Moreover, if the Taliban rules with extreme brutality, international actors will continue and possibly intensify sanctions against the group. Countries and companies strive to Legally Dealing with the Taliban in Afghanistan will be deterred from doing so. Unless humanitarian exceptions to sanctions are guaranteed, even the work of NGOs can be halted.
Economy and Region
Currently, the Taliban regime is facing The loss of billions of dollars allocated to Afghanistan – from the International Monetary Fund, the World Bank, the United States and the European Union – while the country’s central bank reserves located in the United States have been frozen by the United States government.
The country’s illegal and informal economies can only make up part of those losses. The Taliban cannot simply double their poppy economy – the global market is already saturated with opioids, including artificial Of which. Banning poppy cultivation her promise To make Afghanistan drug-free would be a massive social explosion. Besides impoverishing people already in extreme poverty from COVID-19, drought, and economic downturns in a country where 90% of people live in poverty And 30% suffer from acute food insecurity, such a ban would also wipe out the income of middle-class Taliban leaders and rank-and-file fighters.
Even without a ban, the Taliban will struggle to find jobs for the many now unemployed soldiers from the Afghan security forces who have been paid by the United States.

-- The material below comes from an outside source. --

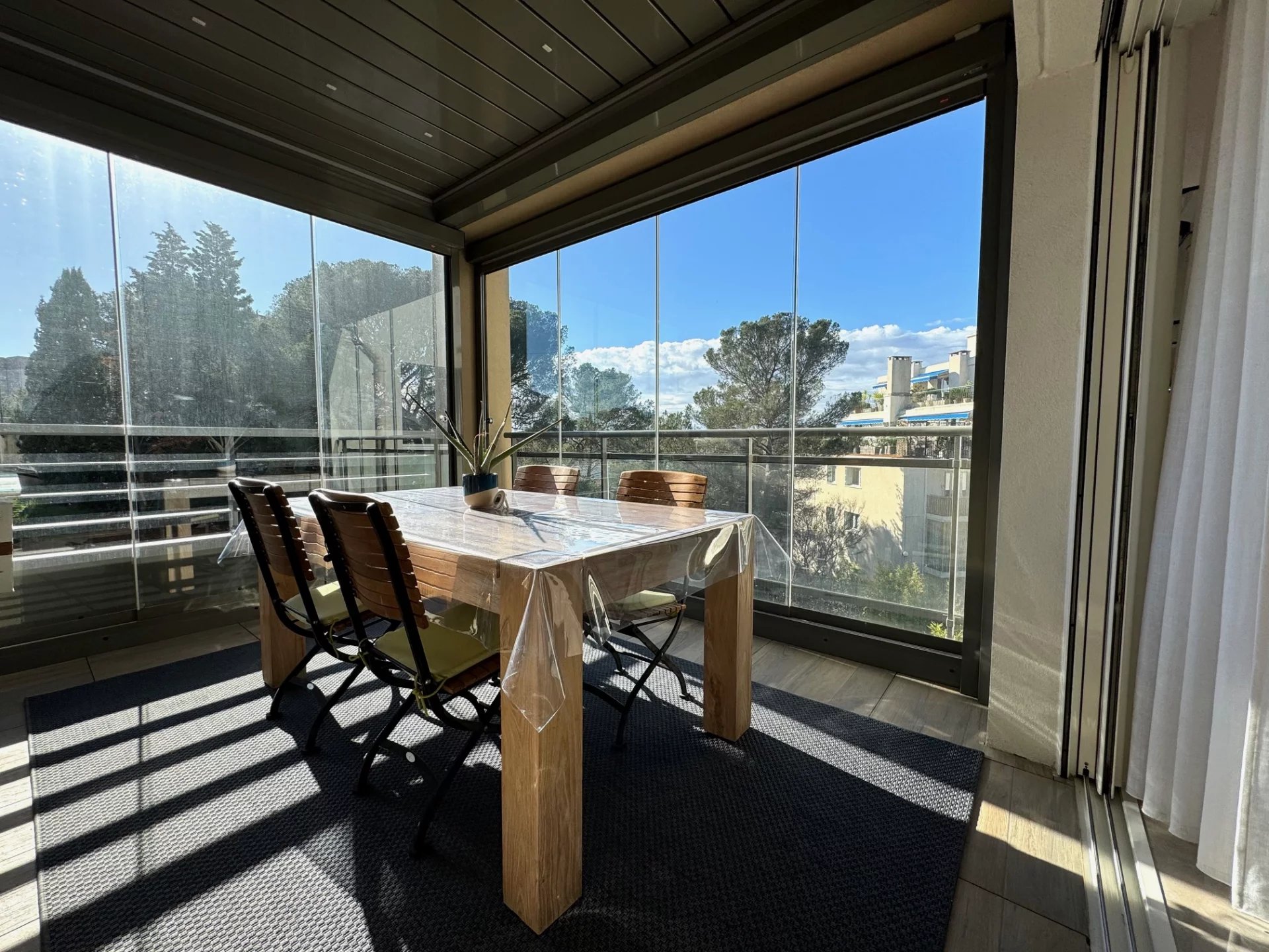 Climatisation dans tout l’appartement, menuiseries en aluminium, baie vitrée à galandage dans le salon.

Even if half of the nominal force were “ghost soldiers” or died, and, say, only 150,000 soldiers fought, they were now a loose force with no income for themselves and their families. They melted before the Taliban. But with time they may resort to banditry or be tempted to join old or new militias, even if only for the sake of an economic rent.
And maintaining the Taliban’s income from trade with Iran, China and Central Asia that brought the group Hundreds of millions of dollars In informal taxes, Relies on Whether the Taliban is able to accommodate Tehran, Beijing and Moscow’s key counter-terrorism interests, which they see as far more important than any economic opportunities Afghanistan offers. If terrorist leaks are widespread, only Afghanistan’s trade with Pakistan will continue.

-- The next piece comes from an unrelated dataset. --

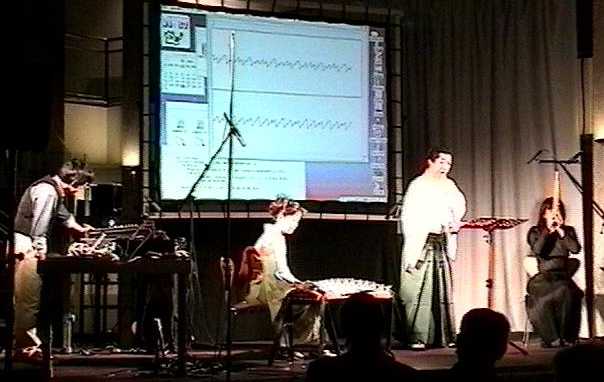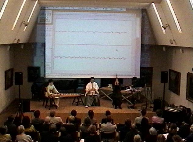 アルゴリズム作曲の手法であらかじめ制作した背景音響パートCDのもとで、尺八・笙・箏のそれぞれが即興とともにセッションする、というコンセプトの作品。筆者はリアルタイム音響生成ソフトSuperColliderをトラックボールで「演奏」してセッションに参加した。

Moreover, outside the West, only China and the Gulf states have deep pockets of aid for anything beyond humanitarian issues. Iran busty. Pakistan provides military and intelligence aid, but its economy sways in and out of dire straits.

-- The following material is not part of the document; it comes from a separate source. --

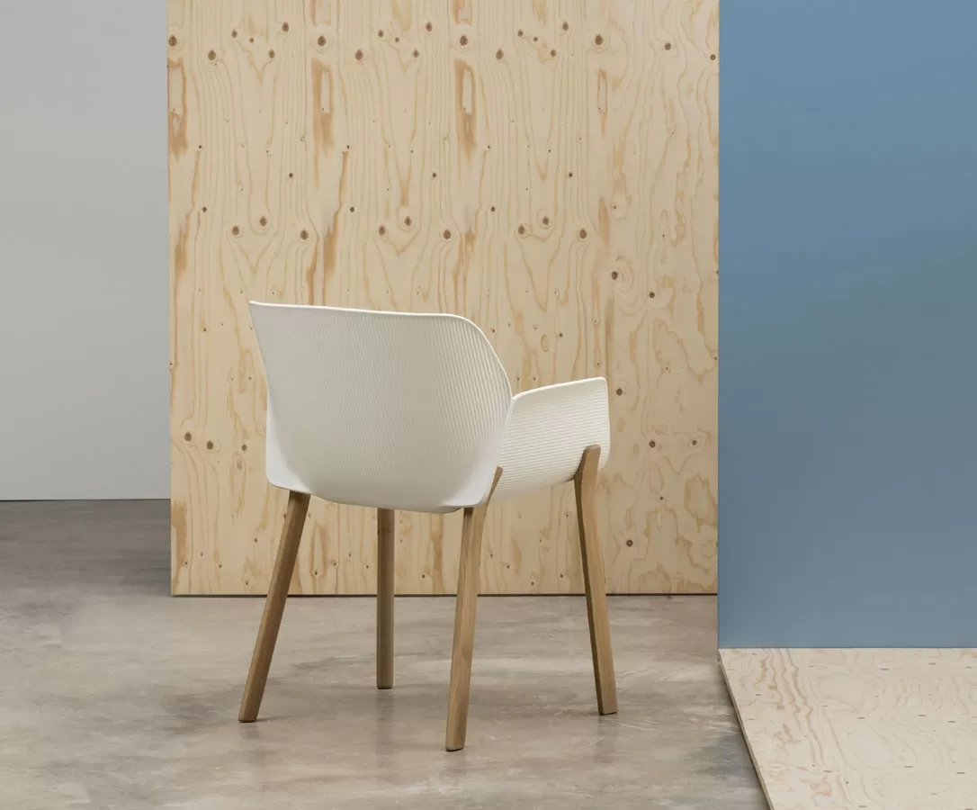 Изготовленное из термополимера природного происхождения ECO®, это кресло обладает уникальной гибкой поверхностью, которая словно нежно обнимает сидящего, обеспечивая идеальную поддержку.

You may find Pakistan his victory On the Taliban victory spoils quickly. Now in power, the Taliban will be eager to ease the yoke of Pakistan from its neck and deepen the diversity of its foreign relations. The victory of the Afghan Taliban may give Supporting the Pakistani Taliban. Other countries will continue to seek to enlist Pakistan as a mediator to moderate Taliban behavior and will be unhappy when Islamabad does not succeed.
Western Post
These diverse challenges lie ahead, not that the West can easily bring down the Taliban regime through sanctions or urge it to preserve political, humanitarian, and humanitarian pluralism. Women’s rights It has also been around – officially at least – for the past 20 years. Backed by illicit and informal economies and taking advantage of deep divisions among international actors, brutal regimes can exist for years even with fractured economies – see North KoreaAnd IranAnd Venezuela, or Myanmar. All-out Western sanctions and isolation will only exacerbate the terrible suffering of the Afghan people.
Instead, the West’s bargaining and engagement with the Taliban should focus on specific demands, such as Reducing the most weak suppressionFocus on secret and specific sanctions and inducements to take concrete political action in a process that will be long, complex, repetitive and turbulent.